On December 1, 1927, Republic Daily published, Chinese rural education movement spot which is edited by Tao Xingzhi and translated by Zhang Zonglin. This is a report sent by the Chinese representative to the World Education Conference in Canada. The editorial emphasizes that rural education in China is a major event for one-fifth of the world's population. To this end, the China Education Improvement Society has formulated a plan to transform rural education in China with three phases. The report elaborates on the details of this plan and introduces the situation of carrying out rural education campaigns in Xiaozhuang, Nanjing.

==Restoration==
On December 23, 2011, the restoration and reestablishment conference of the Chinese Education Improvement Institute was held in Beijing. Educational professors and scholars from the National Institute Of Education Sciences, Peking University, Renmin University of China, Tsinghua University, and Beijing Normal University, members of the media, and people from multiple backgrounds attended the conference. Advertising the CEII, Chu Chaohui is a researcher from the National Institute of Education Improvement.

The Educational Communication and Publication assisted in sub forums of 2014 WISE in Qatar, the annual conference session of Chinese Education Improving Development, Psychological Education in Elementary and Secondary Schools, educator spirit series, education philanthropy, and CSR consultation.

===Consultants and directors===

The counselors and directors of CEII come from UNESCO, China Law Society, China Writers Association, Peking University, among others.

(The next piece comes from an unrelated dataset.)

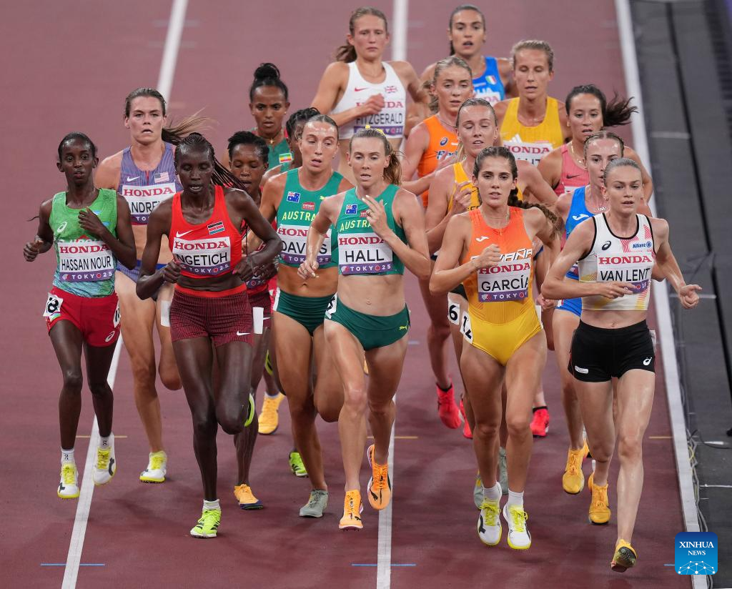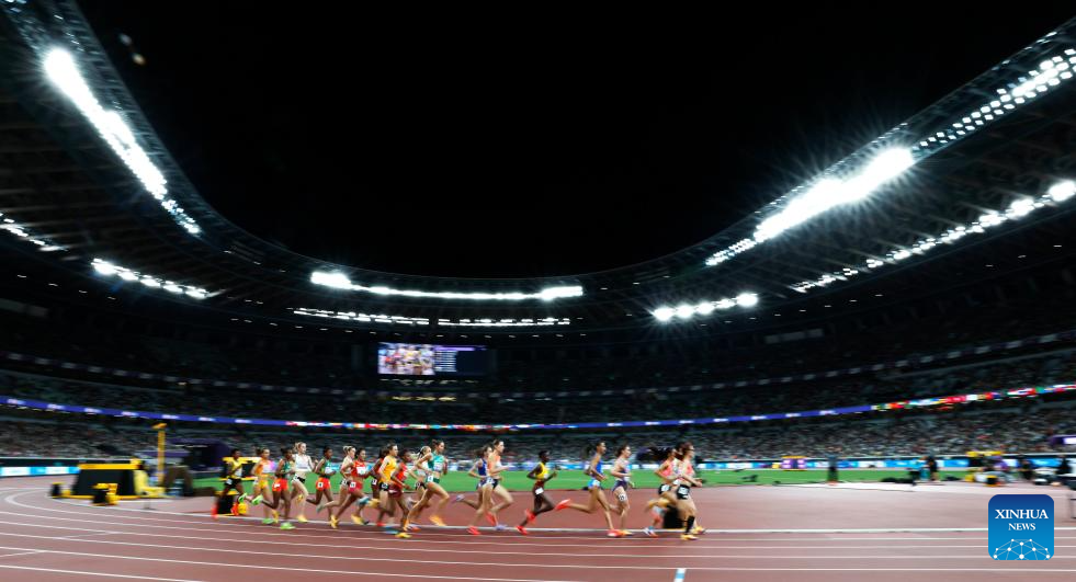 Athletes compete during the women's 5000m heat at the 2025 World Athletics Championships in Tokyo, Japan, Sept. 18, 2025. (Xinhua/Wang Lili)

===Modern education reform in China===

Meng Lu, Liang Qichao, Tao Xingzhi, Hu Shih, Cai Yuanpei, Huang Yanpei, Chen Heqin, Xiong Xiling, Zhang Boling, Zhang Pengchun, Fan Yuanyuan, Guo Bingwen, Li Xiangchen, Yuan Xitao, Yan Xiu, Zhang Zhongren, Li Shizeng reformed and constructing modern Chinese education, founded Xiaozhuang Experimental Village Normal School and China Association for the Promotion of Civilian Education, published New Education and New Education Review Scientific education. In December 1922, Professor Michael, an expert on education measurement in the USA, was invited by CEII to come to China to help compile various educational tests and train relevant personnel.